Moving forward, Hubona’s goals for the season include making podium for discus and weight throw at the MVC Championships and making it to the National Championship first round meet in discus, all of which would be firsts for Hubona.
“I think he can do it. He’s made some really good progress in his technique,” McGarry said.
With the help of McGarry, Hubona is striving to chase down the school weight throw record. Both admit the top number, 19.81m, is an enormous throw. Michael Jarman, the Loyola athlete who set the record in 2010, happens to be a doctor. Hubona and Jarman are two representatives of a long line of pre-med throwers going through the program during McGarry’s tenure. McGarry said he believes the correlation is partly due to the fact that academically-motivated students are willing to dedicate their time and do the little things in training, a quality he seeks out in recruiting throwers.
“I’ve actually had quite a few athletes who were very similar to Stephen … I can’t tell you how many doctors I’ve had that have thrown for us at Loyola’,” McGarry said.

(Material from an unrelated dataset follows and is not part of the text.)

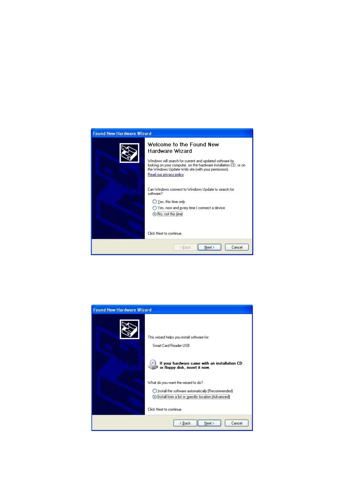 Hardware Wizard” as the picture, then Check “No, not that time” and Click “Next” to continue.

Next year, Hubona will follow the trend and attend medical school to pursue a future career in medicine, but he’s looking to continue serving others in more ways than just one.
“I’m kind of planning on doing an Army scholarship with [medical school], so I’ll probably be serving after residency,” Hubona said.
Hubona will compete next in the weight throw at the Grand Valley State University Big Meet in Allendale, Michigan Feb. 9.